Dr. West's contribution to the project is that she's developed a material that encapsulates these cells. It masks the cells so the body doesn't actually see them as foreign. And so we can actually safely put them exactly where we want to place them. They stay put and they produce the protein and then we can have bone forming around it. So these are tiny little what we call microspheres that can lead to then the fusion and bone formation.
And so we've managed to now move in this award-into rats and complete a lot of the studies required for showing what our final product would be and how we want to proceed if we were to move it into the clinic.
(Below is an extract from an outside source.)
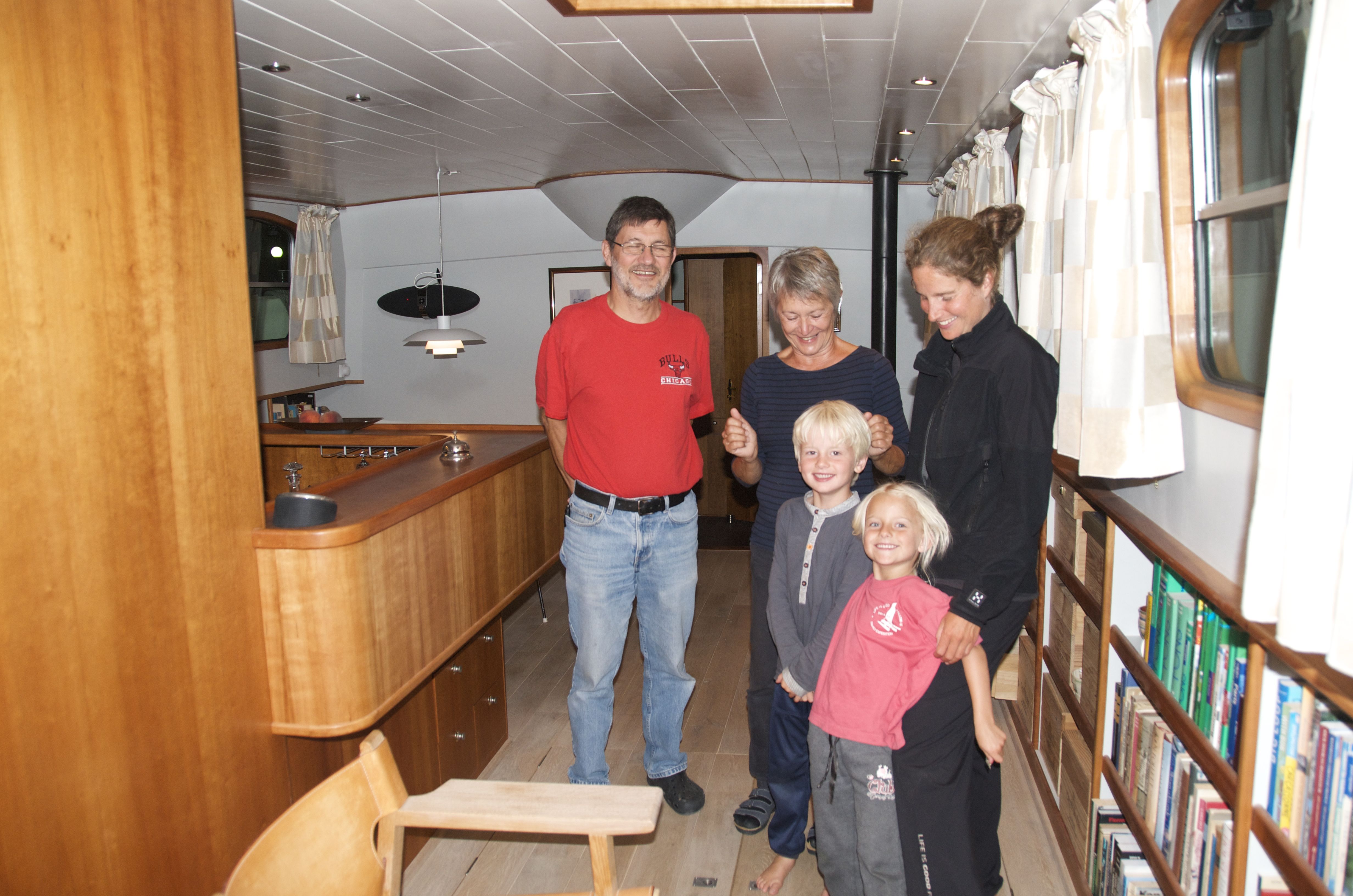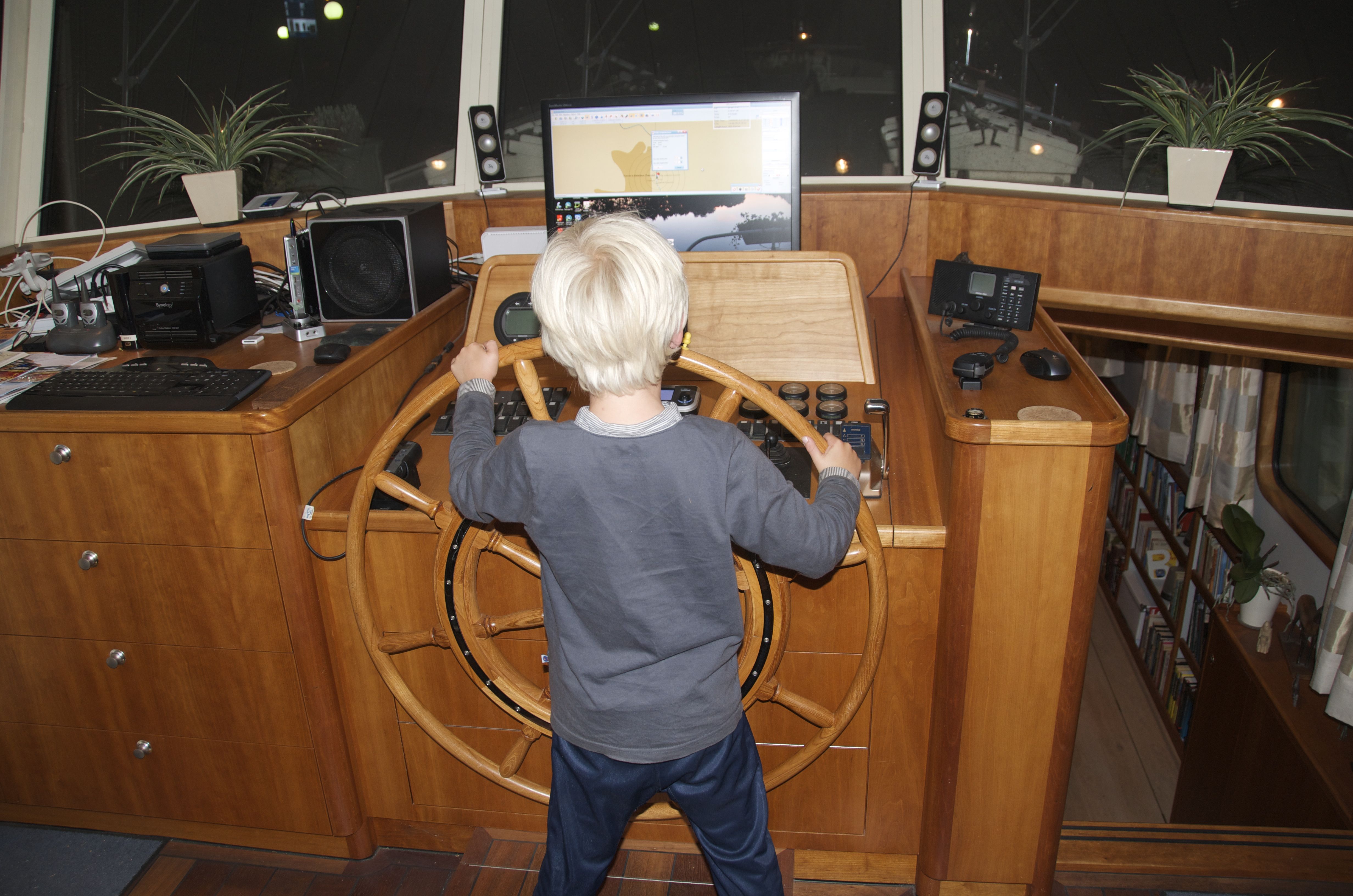 The beautiful boat of Bente and Kurt / Bente og Kurts utrolige flotte båd.We saw the whole boat and the kids loved it, many secret spots / Vi så hele båden og børnene elskede det, der var mange hemmelige rum.Maybe a new captain in the making / Måske en kommende kaptain.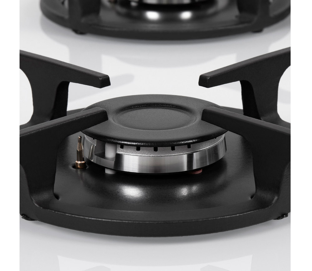 Четыре стандартные конфорки мощностью 1000 Вт, 1700 Вт, 1700 Вт и 2600 Вт укомплектованы круглыми чугунными решетками.

It's kind of interesting to think that you could go into your orthopedics office and have an instrument-guided injection and in 2 to 4 weeks you'll have fusion of your spine without any down time, so that to us is huge. In both my mind and Dr. West's minds we're really at a point where we think we have a product that could really revolutionize orthopedics. I think it not only will help the military population greatly with back pain, but I think there's other applications for it as well that are critically needed.
Alan: What we'd like to do now is move closer into the clinic with both of these projects actually. This one we have some drug targets we'd like to develop; the other one we have some actual biological materials we'd like to use for bone repair. Orthopedic trauma is a serious, serious problem and even though there are marvelous facilities for rehabilitating these soldiers, sometimes it just isn't enough and it's-it needs to be addressed.